Albumin constitutes 60% of plasma proteins and exhibits exceptional structural stability due to its 17 disulfide bonds and conserved N-glycosylation. Beyond maintaining 80% of plasma oncotic pressure to prevent vascular fluid leakage, albumin binds and transports hydrophobic ligands-including fatty acids, steroids, thyroid hormones, calcium ions, and over 90% of circulating drugs-via its dynamic binding pockets. Its free Cys34 residue confers antioxidant properties by scavenging reactive oxygen species.

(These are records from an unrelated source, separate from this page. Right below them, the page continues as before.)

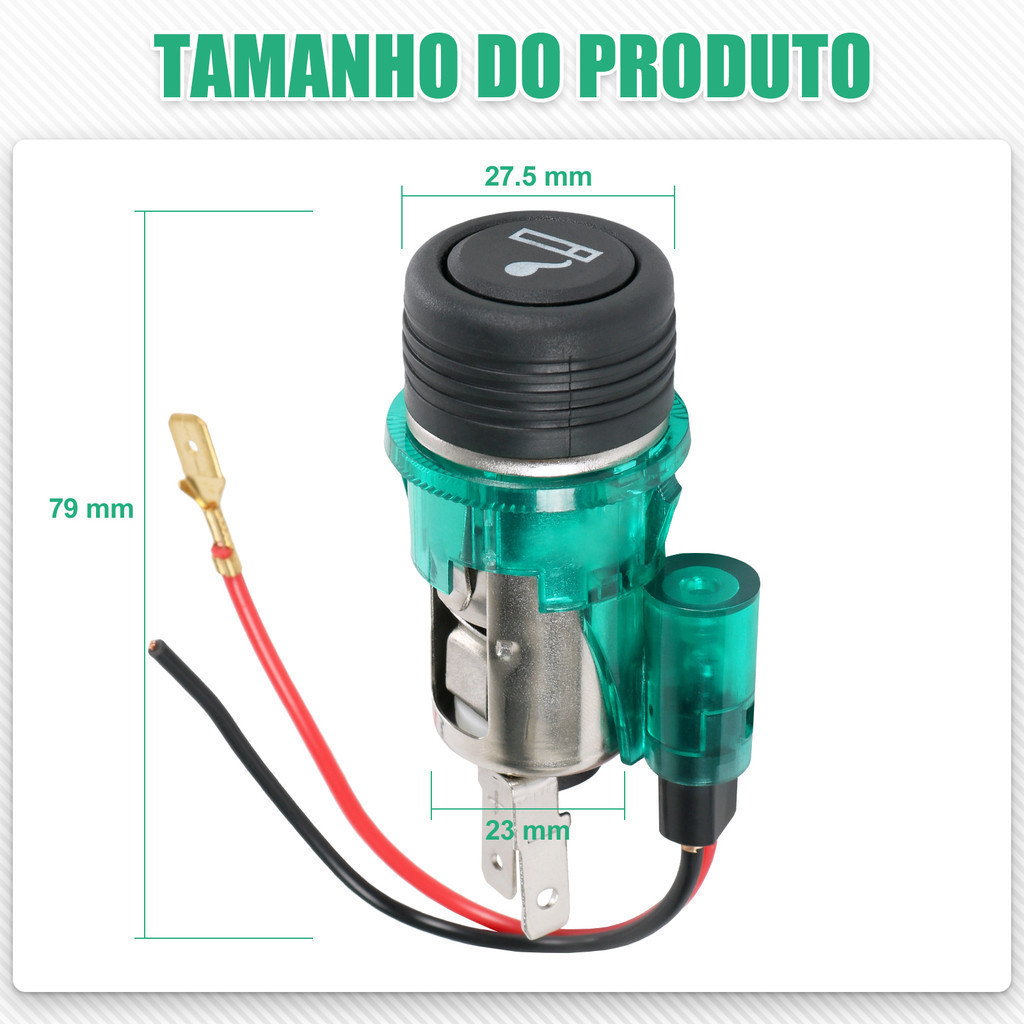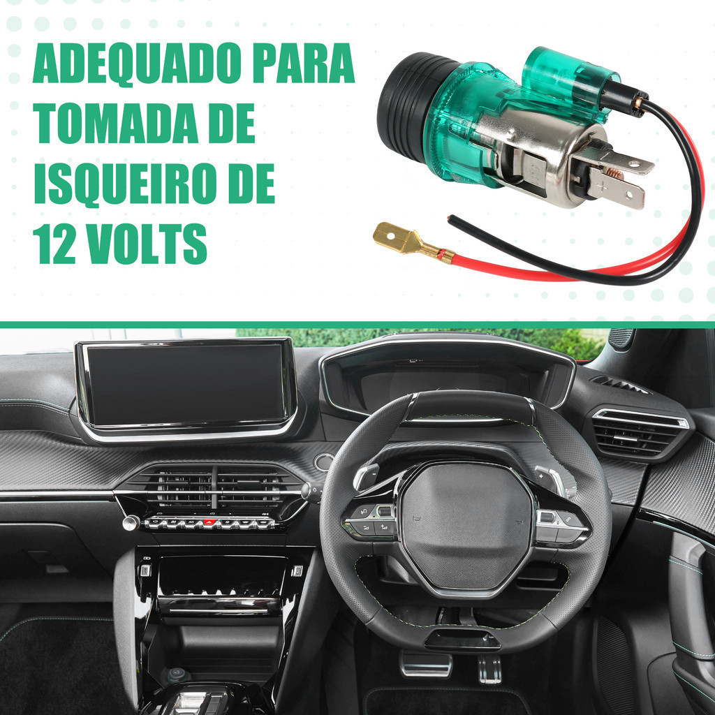 Acendedor tomada de carro Carregador Para Veículos 12v Verde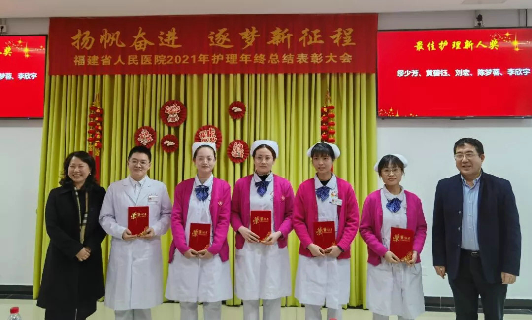 趙紅佳書記、陳捷院長為“2021年度最佳護理新人獎”:繆少芳、黃碧鈺、劉宏、陳夢蓉、李欣宇頒發(fā)證書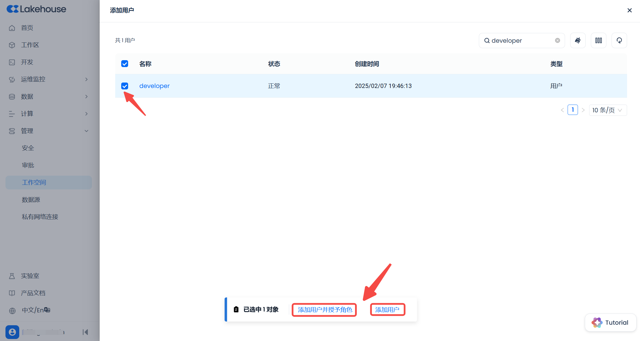 At this point, there are two buttons below, click the right "Add User" button to only perform the operation of adding the user to the workspace without any authorization. Click the left "Add User and Grant Role" button to further select the role to be granted. Suppose we click the left "Add User and Grant Role" button: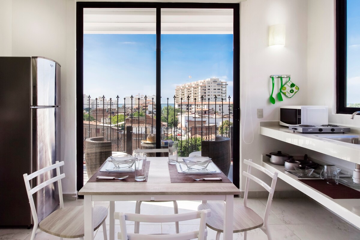The Panoramic Room is an ideal unit for couples looking for a romantic and luxurious space. The private jacuzzi on the balcony with sea view makes this studio an amazing option. Featuring High-Speed Wifi, Beachfront, Smart TV, Mini Fridge and Incredible Views to the Bay of Puerto Vallarta. Part of Hotel Marboka, reason why you will have access to more services providing a better experience.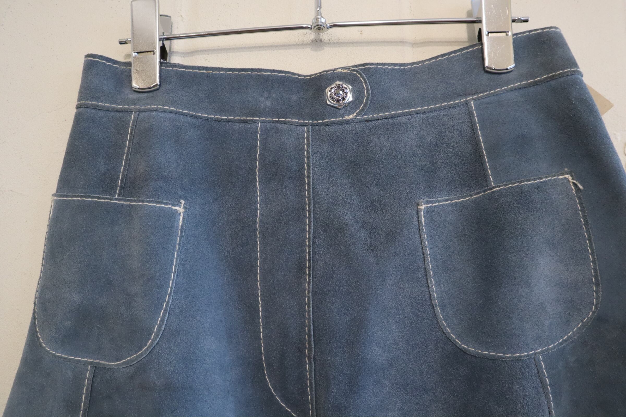 dull blue stitch design leather mini skirt [l-1535]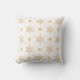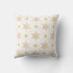 Throw pillow with elegant faux gold foil imitation snowflakes and stars pattern on white background.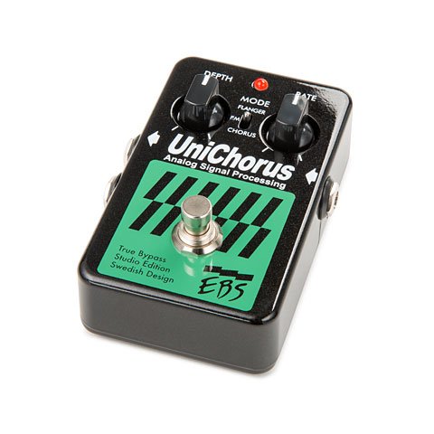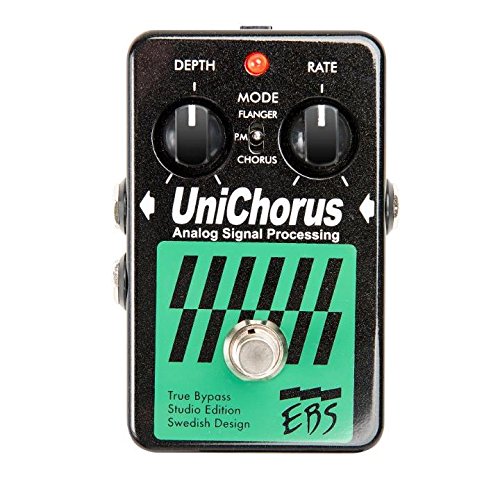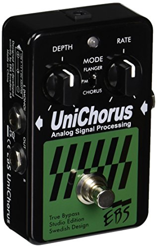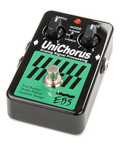 Studio : EBS Publisher : EBS Binding : Electronics Product Description The pedal is built with the best analog processing circuitry available. This gives a smoother, warmer and fatter sounding chorus/flange effect, useful both for live and studio performances. The pedal output can run in mono or stereo. Under the hood of the UniChorus, there's a mix level control that let you decide how much or little of the effect you'd like to be blended with the original tone. See the manual for details. The UniChorus was first introduced in 1997. From the 2008 edition improvements added 3 dB higher headroom, higher sensitivity (makes it easier to dial-in) and new analog circuitry with higher dynamics and lower noise, as well as true bypass switching technique. 2015 marks the introduction of the new Studio Edition featuring optimized signal path, new design, new signal relay switching technique, protection against over voltage up to 18V and the possibility to power the pedal with anything between 9-12V DC. 0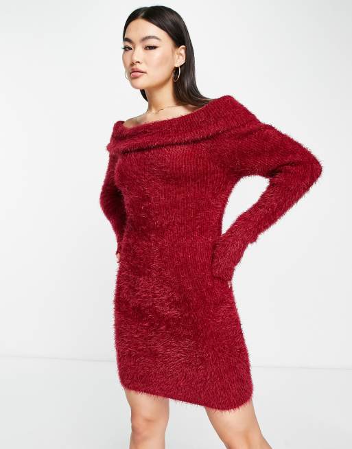 ASOS DESIGN off shoulder jumper dress in fluffy yarn in dark red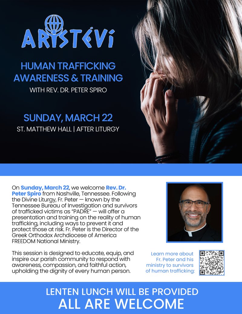 On Sunday, March 22, we welcome Rev. Dr. Peter Spiro from Nashville, Tennessee. Following the Divine Liturgy, Fr. Peter—known by the Tennessee Bureau of Investigation and survivors of trafficked victims as “PADRE”—will offer a presentation and training on the reality of human trafficking, including ways to prevent it and protect those at risk. Fr. Peter is the Director of the Greek Orthodox Archdiocese of America FREEDOM National Ministry.
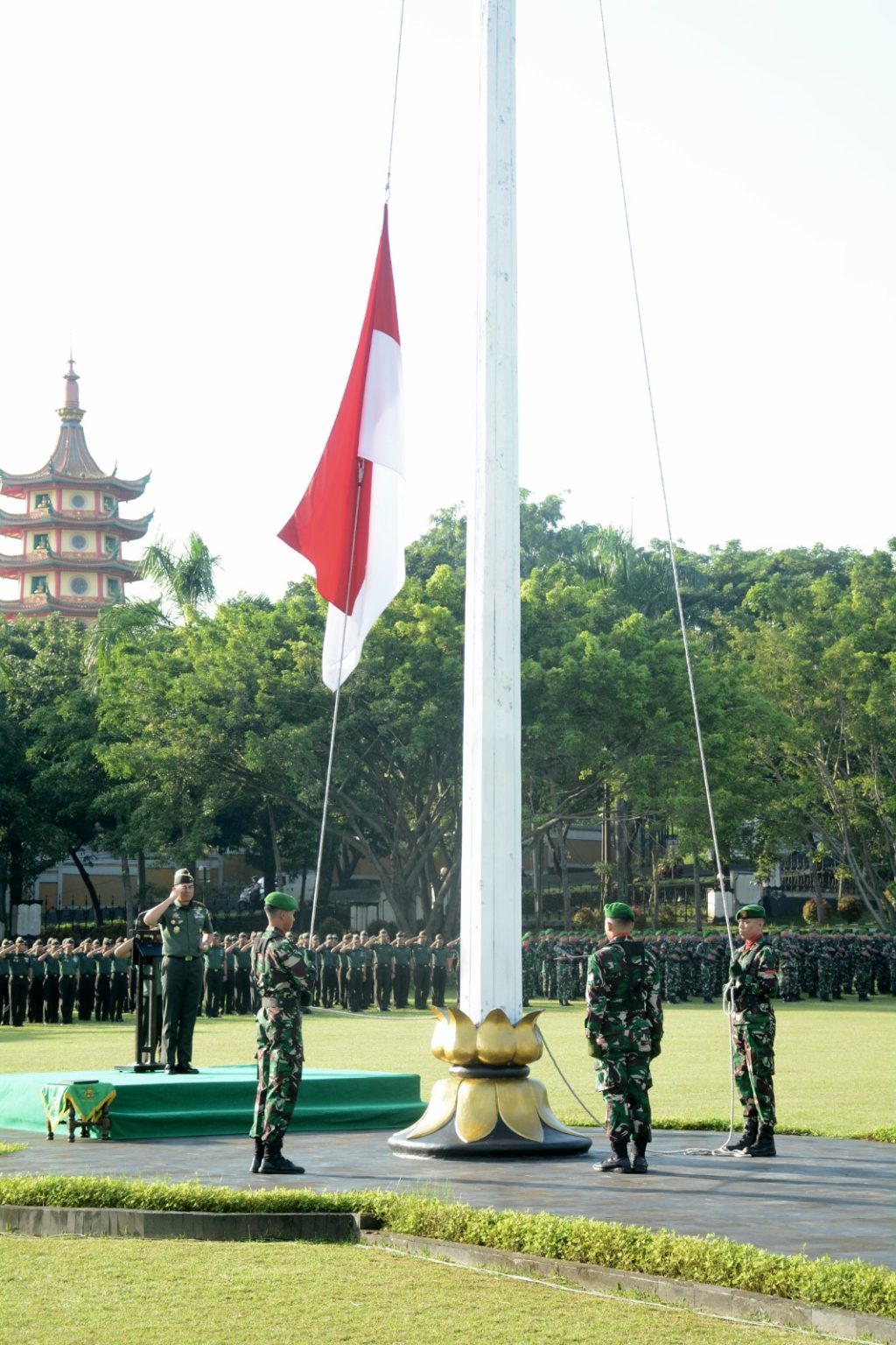 INLINK, Semarang – Pangdam IV/Diponegoro Mayjen TNI Deddy Suryadi, S.I.P., M.Si., sampaikan penekanan Panglima TNI pada Upacara Bendera 17-an Bulan April kepada seluruh Prajurit dan PNS terkait dengan perkembangan situasi hingga peningkatan disiplin Prajurit, bertempat di Lapangan Makodam. Rabu (17/4/2024).

Hypoalbuminemia (<3.5 g/dL) arises from hepatic dysfunction (cirrhosis, hepatitis), renal protein loss (nephrotic syndrome), chronic inflammation, or malnutrition. Clinically, it manifests as edema, ascites, and impaired drug efficacy due to reduced ligand binding. Conversely, glycated albumin contributes to diabetic complications by promoting vascular endothelial dysfunction 3.

Therapeutically, human serum albumin (HSA) has been administered since 1941 for hypovolemia and burns, with modern 5% and 25% solutions managing ARDS and cardiopulmonary bypass. With a 19-day circulatory half-life, albumin stabilizes cell culture media.